An older man with grey hair escaping his flat cap, a dark green workshop apron, and humble dark clothes is visible from the window, he stands over his work bench. I take the several, worn, small steps inside the store that place you in the center of the slightly cluttered shop. A 20-something apprentice is separated from the craftsmen by a dozen pieces, and a half century, but is otherwise a perfect stand in.
It’s the smell I notice — both the skins and the oils. It’s strong but not overwhelming. It triggers whatever you associate with leather: riding (of the horse or bike variety), strength, quality, endurance, craftsmanship, shoes. Also, I can’t see in here. Light is decidedly lacking. I don’t know if that’s an intentional decision or simply a remnant of the past. It’s mid-high 70’s and extremely sunny outside (“hot” according to some at the hostel, haha!), a stark contrast. It’s musty. I think that’s just the lingering smell. I imagine in the afternoon a few local men smoke cigars here, a casual escape and respite for the hands.

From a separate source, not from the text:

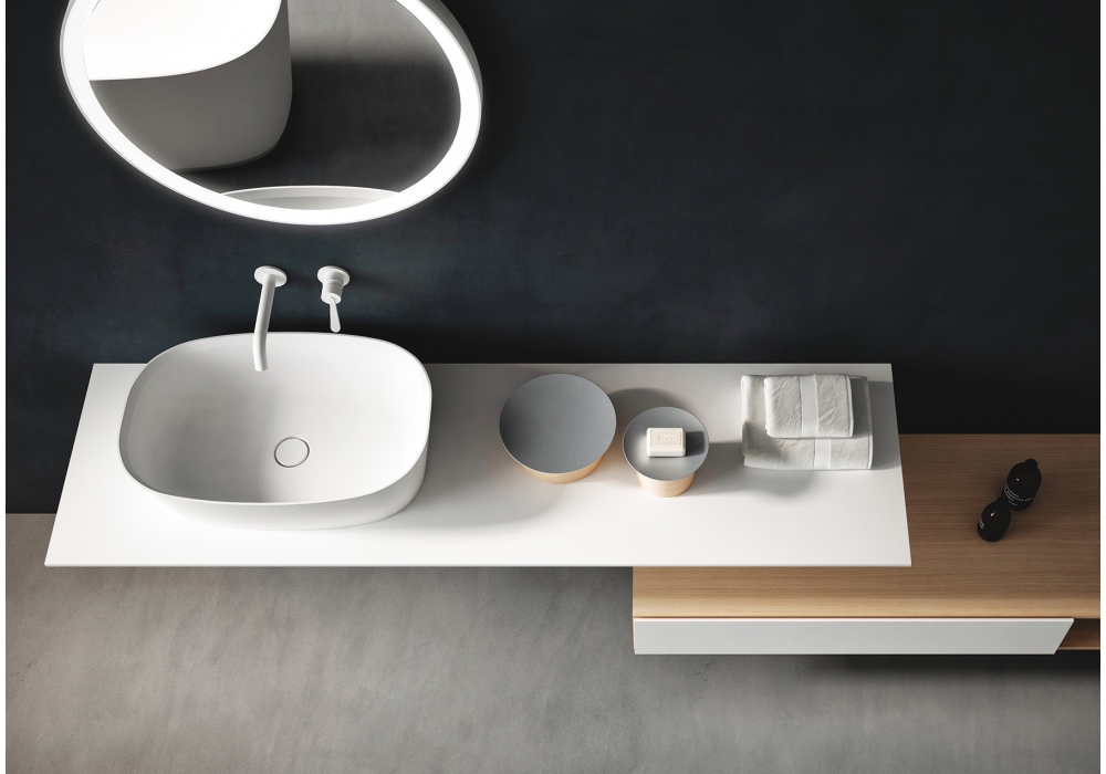 Neb von Benedini Associati für Agape entworfen, ist ein Waschbecken aus Cristalplant® biobased in verschiedenen Ausführungen. Ohne Hahnloch, mit freiem Abfluss. Komplett mit Cristalplant®-Ablaufgarnitur mit bündig mit der Innenform abschließender Kappe.

There’s someone else fiddling in a back room but neither I nor the others seem to pay him much attention. The work is quiet, individualistic. They seem a bit surprised to see me. I stay for only a few moments. I’m never comfortable taking people’s time in a commercial setting when I’m not shopping to purchase. Perhaps I’m too reserved in this regard for interesting situations. I’d be lying if I weren’t also weighed by conscious of the American perception. It doesn’t help that my Spanish isn’t flawless (somehow, I never picked up leatherworking terms) and that I find Argentines particularly hard to follow. To complicate things further, it would seem that the better my Spanish, the more likely the Argentines are to slur/slang in their peculiar way, making it harder yet for me to understand. Perhaps I’m just making excuses. If I were to do it again, I suppose I should stay longer.

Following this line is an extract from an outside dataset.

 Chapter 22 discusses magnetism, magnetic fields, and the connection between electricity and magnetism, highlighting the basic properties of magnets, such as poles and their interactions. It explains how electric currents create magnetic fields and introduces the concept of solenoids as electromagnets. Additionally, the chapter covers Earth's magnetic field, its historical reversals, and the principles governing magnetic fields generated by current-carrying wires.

I wander back to the Cambio to find a new customer at the counter. I decide to wait and take a seat. As she’s wrapping up, a balding, late-middle aged man with a black-white checkered wool jacket, dark pants, brown shoes, and a potbelly shuffles in. He sees me sitting there wait and moves to stand awkwardly close to the woman at the counter. She raises her eyebrows, a not so subtle hint he fails to pick up.
As she leaves he says in broken English that he wants to trade USD $1,000. Where is this guy from? Does he not see me here? The clerk offers an exchange of 9.40 — he accepts in a rush. The clerk seems a bit uncomfortable as he picks up his cell phone and puts back down several times, unsure how to proceed. He starts to count out hundreds. The guy asks for bigger bills but is told he’ll have to wait for a few minutes to get them. “No, keep going”. A few minutes later he is handed a collection of bills grouped in rubber bands. He stuffs the 4-inch wad in his outer jacket pocket and nervously rushes out. I walk up to the counter for my turn. Apparently the previous guy had cleaned him out, so I’m going to have to wait.

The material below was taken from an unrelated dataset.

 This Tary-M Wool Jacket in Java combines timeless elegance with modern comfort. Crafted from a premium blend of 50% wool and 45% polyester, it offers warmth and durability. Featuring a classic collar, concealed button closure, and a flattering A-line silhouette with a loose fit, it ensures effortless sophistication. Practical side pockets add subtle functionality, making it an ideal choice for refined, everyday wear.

In this case, that means putting that cell phone to use. 3 minutes later, a larger than life man wonders in. He must have been 6’4 and 300 pounds. He’s not particularly fit, but certainly an imposing size. He pulls out huge wads of cash rolled up from his sweatpants. I assume he’s another customer. Only after their transaction do I realize that this was the money he needed. Where was this guy, just chilling next door?
I exchange my money and go on my way to one of the many bakeries that seem to line every corner and continue my day. The leather shop was closed, and completely dark, as if it were never opened.